HD Radio Self-noise. As stated earlier, HD Radio self-noise and increased IBOC power provide for a lively dialog in the industry; read more here and here. Simply put, HD Radio self-noise substantially increases the FM analog stereo noise floor; this is caused primarily by the linear sum and intermodulation of the FM analog FM L+R (sum) L-R (difference) signals and IBOC OFDM sidebands. In most high-quality FM receivers, this means more than a 40 dB increase in stereo noise floor.

In the DaySequerra FM Reference in Wide IF Bandwidth mode this means a substantially decreased SNR: from -75 dB to -25 dB, meaning continuous hiss and white noise on every HD Radio FM station and on most analog FM stations adjacent to an FM HD Radio station.

Back to Basics. Luckily for DaySequerra, the solution to HD Radio self-noise in the 25-year old FM Reference design was fairly straightforward and has almost no side effects: a post-FM demodulation filter designed to remove noise energy starting at 53 KHz and above.

As illustrated below, if the post demodulation filter removes most noise energy above 99 KHz, there will not be any noise energy to translate into the audio band by the FM Reference’s stereo decoder. The challenge here, however, was to preserve the L-R response so that stereo separation was not negatively affected while eliminating the noise above 99 KHz. DaySequerra’s engineers employed a 7th order elliptical filter to maximize the attenuation of noise outside the pass band while minimizing group delay variation.

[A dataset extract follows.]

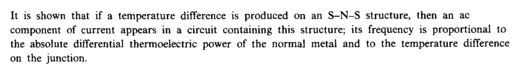 It is shown that if a temperature difference is produced on an S-N-S structure, then an ac component of current appears in a circuit containing this structure; its frequency is proportional to the absolute differential thermoelectric power of the normal metal and to the temperature difference on the junction.

Recently upgraded FM Reference units have measured SNR of better than -78 dB (3 dB improvement over 25 years ago) and stereo separation of better than 50 dB – equal to pre-upgrade performance.

Other Improvements. The FM Reference Signature Upgrade includes a few other improvements as well: new hand-matched JFETs are installed in the IF filter amplifiers and in the input buffer for the Class-A biased audio outputs. Also, key electronic components typically affected by old age such as power supply electrolytic capacitors, are replaced. All incandescent bulbs are replaced with LED indicators.

Call 856-719-9900 or email sales@daysequerra.com to schedule your FM Reference for the FMR 25 Signature Upgrade.  Older FM Studio units can be updated to FMR 25 Signature Upgrade.


Unfortunately, FM Reference Panalyzer and original Sequerra Model One units cannot be upgraded.


There is a one year limited warranty on each FMR 25 Signature Upgrade unit, even covering the parts that are 25-years old.